I only hear a few words from mine late at night sometimes, and usually if its time for my medication. Maybe like one hallucination an hour after dark. They are the same three voices, a female bitchy NSA agent making fun of me, a male ■■■■■■■ NSA agent trying to make me feel inferior, and then 17 year old me who was planning on becoming a military officer, before schizophrenia, hell even before I had ever smoked a cigarette or weed. 17 year old me was the voice of reason and I sometimes miss that voice. But this is all because my meds work and I take them multiple times a day with food like I am supposed to, before meds I was so distracted by my voices that I hardly spoke and was asocial, just didn’t care for others.
For example, I was at a bar at 1230am with some friends, a very popular and busy bar and I had taken my meds with dinner two hours earlier and when I walked into the bar I heard the male voice loudly ask “Did you take your medication?” and the rest of the night I was fine, then I heard the 17 year old me voice say something about “sober” which makes sense, as I was the designated driver and had only one beer with a friend at dinner that night.
I read an article my mom showed me about voices in the US and England being evil while voices in third world countries are benign and make schizophrenics happy and praised as shamans, ect.
I used to go into fits of rage or panic when my voices got really bad. I am on a blood pressure medication which keeps my heart rate and blood pressure down, I am on a hefty extended-release dose of it to keep me from going berserk out of anger and breaking things (which happened) or vomiting, sweating and having diarrhea out of fear and anxiety (which also happened). I am also on xanax to keep me from thinking about everything as a problem and getting drunk to forget- I have a strong case of generalized anxiety disorder and I take 1mg of xanax every 6-7 hours and it just makes me not worry, it doesnt make me sleepy or high, without it I end up screaming while driving and screaming in the shower.
I am just fine on my medications but I am royally ■■■■■■ without them, as you can see. It has been a long time since I was unmedicated, over a year now, and I have only missed a dose of only one of my meds once, and it was ugly, I was back to screaming in the shower “I hate you” and “make it stop”.
I think the problem with me is that I actually have a bad case, my medications just work like charms but my antipsychotic does make me sleep a lot and sometimes take naps, I also drink a lot of caffeine, I am drinking a double cup of coffee right now, I dont have the energy to make breakfast without caffeine.
I am all better today- I have been better for a year and it is rather obvious to people who know me and saw the whole thing happen, my descent and recovery, and to people I meet, they think I am kidding when I tell them I have schizophrenia.

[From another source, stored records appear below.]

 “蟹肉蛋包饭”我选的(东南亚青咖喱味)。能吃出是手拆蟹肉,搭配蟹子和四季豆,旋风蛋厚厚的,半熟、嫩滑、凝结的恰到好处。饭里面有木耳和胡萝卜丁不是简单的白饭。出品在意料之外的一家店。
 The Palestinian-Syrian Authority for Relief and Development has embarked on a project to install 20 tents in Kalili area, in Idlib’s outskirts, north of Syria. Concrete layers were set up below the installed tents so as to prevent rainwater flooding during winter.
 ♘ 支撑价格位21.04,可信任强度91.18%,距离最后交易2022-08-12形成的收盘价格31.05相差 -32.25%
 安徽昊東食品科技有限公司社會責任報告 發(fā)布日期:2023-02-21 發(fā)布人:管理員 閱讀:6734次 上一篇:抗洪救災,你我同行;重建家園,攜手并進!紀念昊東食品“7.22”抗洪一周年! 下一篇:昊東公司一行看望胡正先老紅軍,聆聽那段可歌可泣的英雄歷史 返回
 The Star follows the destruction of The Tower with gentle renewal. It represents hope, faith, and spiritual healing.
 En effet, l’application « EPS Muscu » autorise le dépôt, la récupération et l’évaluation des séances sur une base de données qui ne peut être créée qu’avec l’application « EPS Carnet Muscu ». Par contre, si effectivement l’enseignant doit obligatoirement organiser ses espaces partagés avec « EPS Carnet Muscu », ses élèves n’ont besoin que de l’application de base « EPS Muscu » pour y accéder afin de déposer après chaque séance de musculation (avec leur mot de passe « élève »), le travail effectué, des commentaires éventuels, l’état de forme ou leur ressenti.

They see a clean-shaven, very muscular and intelligent young man and that is not what they think when they hear the word “schizophrenic”- they think of a homeless person talking to themselves who hasnt bathed or shaved in a month.
I never quit functioning academically when I was psychotic, I stayed in school and made A’s and B’s, but it was absolute hell and every second I just wanted to scream in agony. I had one friend, a drinking buddy, I would hangout with him and his brother and his brother’s girlfriend quit often. I quit hearing voices when I reached a certain level of drunk and so alcohol was a huge part of my life when I was 19.

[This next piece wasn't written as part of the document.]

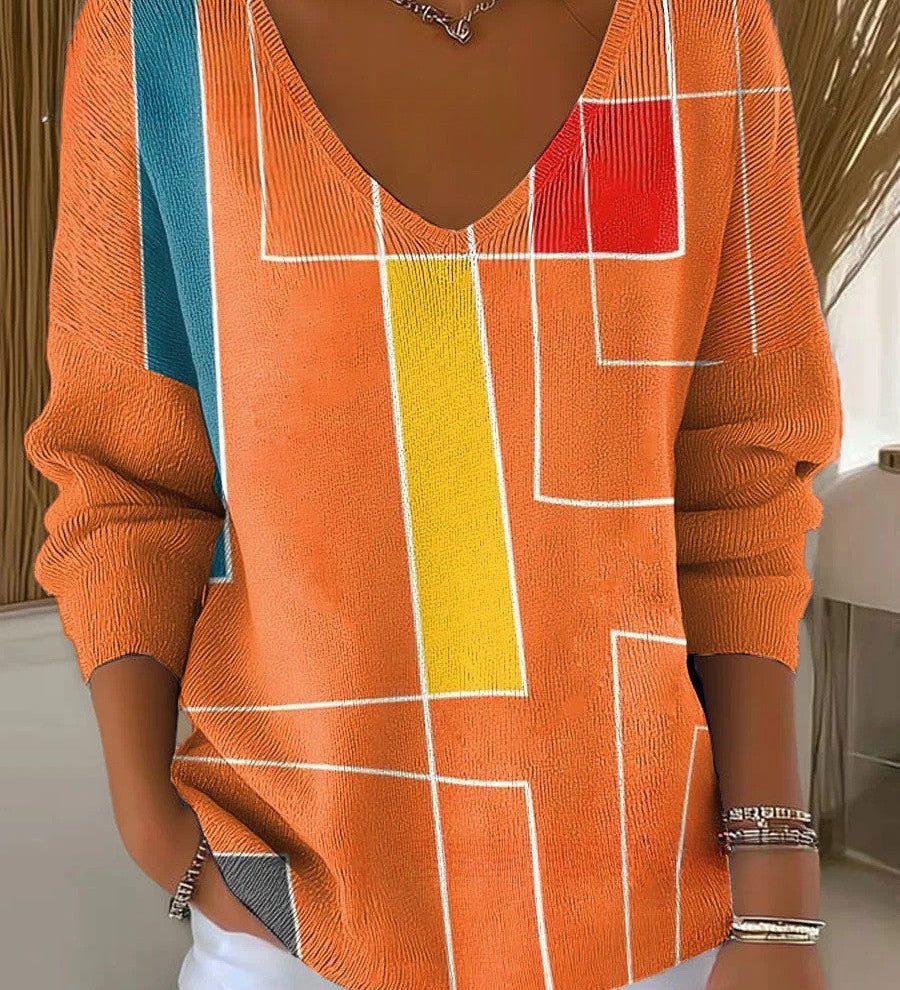 Katalin | Pulóver feltűnő kontrasztos csíkokkal
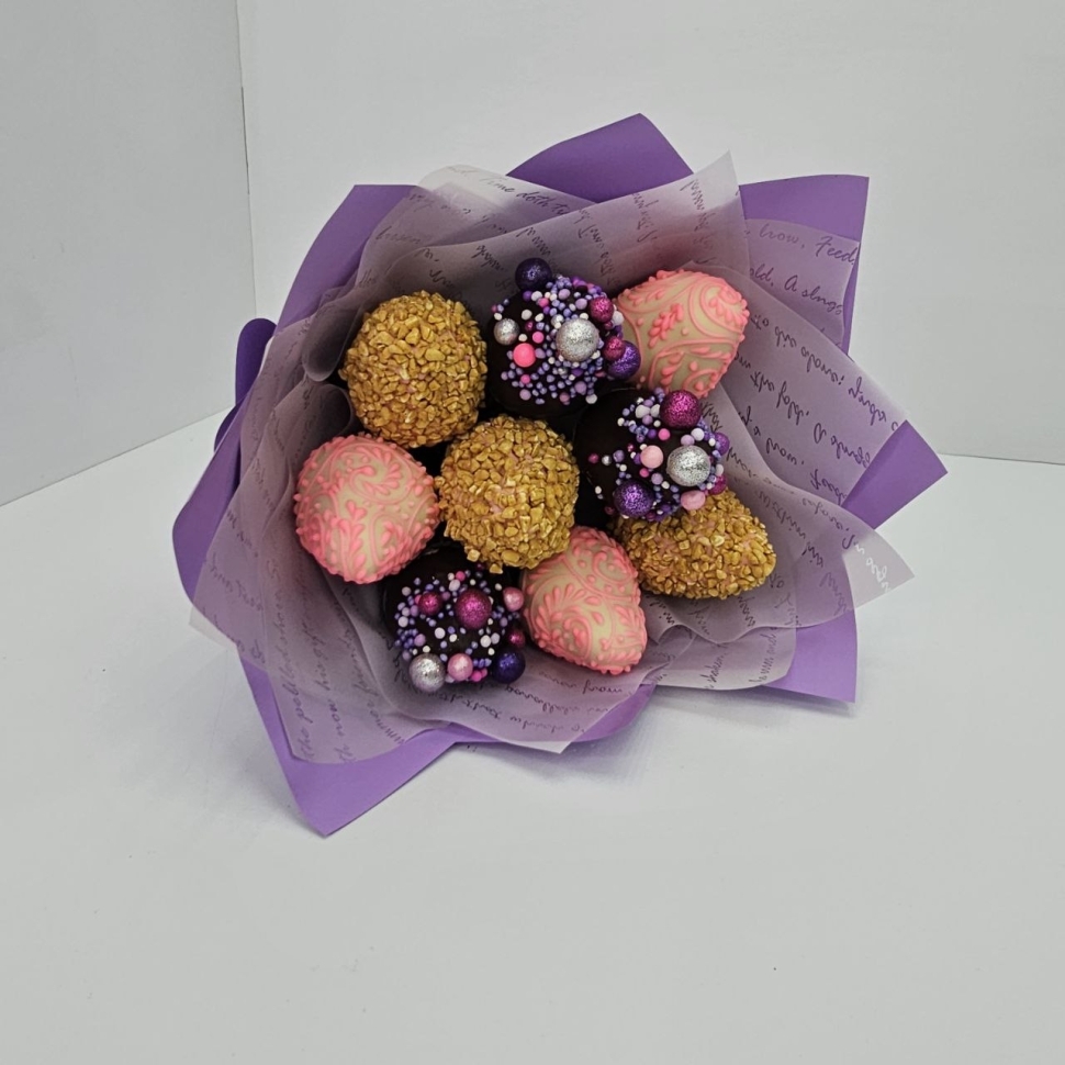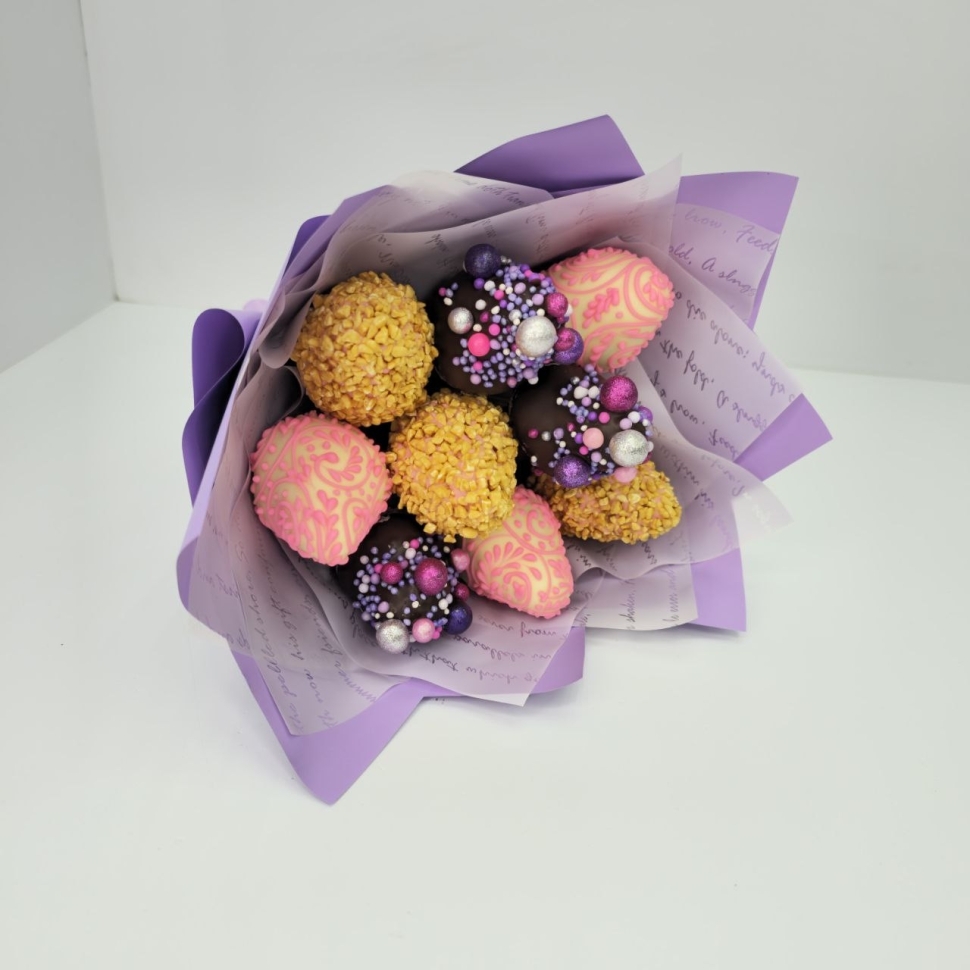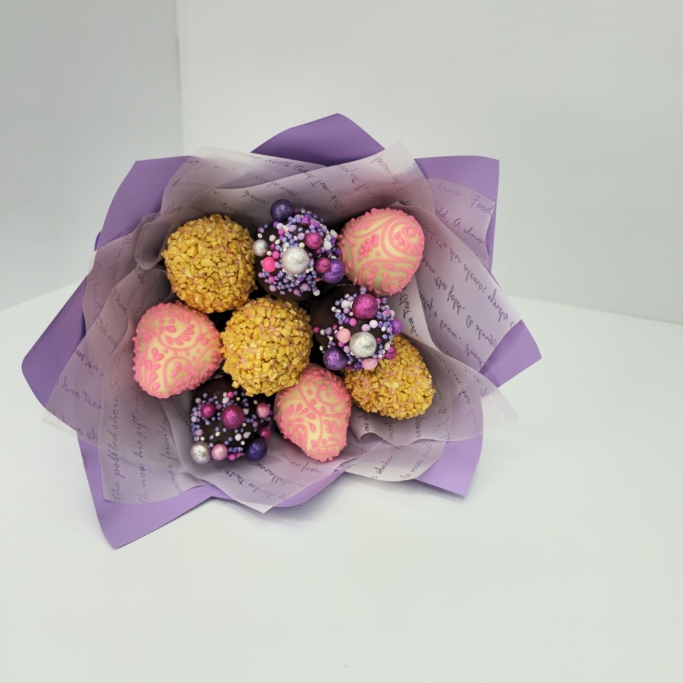 Букет 9 клубник в шоколаде - подарок для всехБукет подойдет в качестве подарка для коллеги, преподавателя, мужа, ребенка или любимой. Он будет радовать и удивлять, добавляя ярких красок в повседневную жизнь и особые моменты.

I moonlighted my drunk days with that old friend at a party in February- several of my friends got together and one of my friends was the designated driver- so I bought a case of beer for myself and got hammered with my old friend who hanged out with me while I was psychotic. We joked about how I used to drink twice as much. I had a terrible hangover the next day and decided to never do that again. It was a house party hosted by a friend I met in a class and I think I accidentally spilled the beans about my evaluation results when I was drunk, I do remember talking to him and his girlfriend and them being taken back my something I said. I just cant remember what I said- I have a pretty ugly past so it could have anything.
Now I dont hear voices 99% of the time and I don’t drink more than one drink. I recently quit smoking, I am using the gum to quit. It’s been over two weeks and I already feel like I never want to smoke again. I have urges to, but I then think of how nasty it is and how it sucks to step outside every 45 minutes and I just dont smoke.
One night when I smoked weed (peer pressure) and forgot my meds (I had just started meds and didnt believe in them, they take a while to work) I heard my voices loudly for 12 hours. It was complete hell, it made me psychotic and angry. I didnt sleep at all, was still angry in the morning, went to the powerlifting gym and did something really stupid, tore a muscle and pulled two other muscles. This was over a year ago on like my second week of medication, it takes some meds a while to work.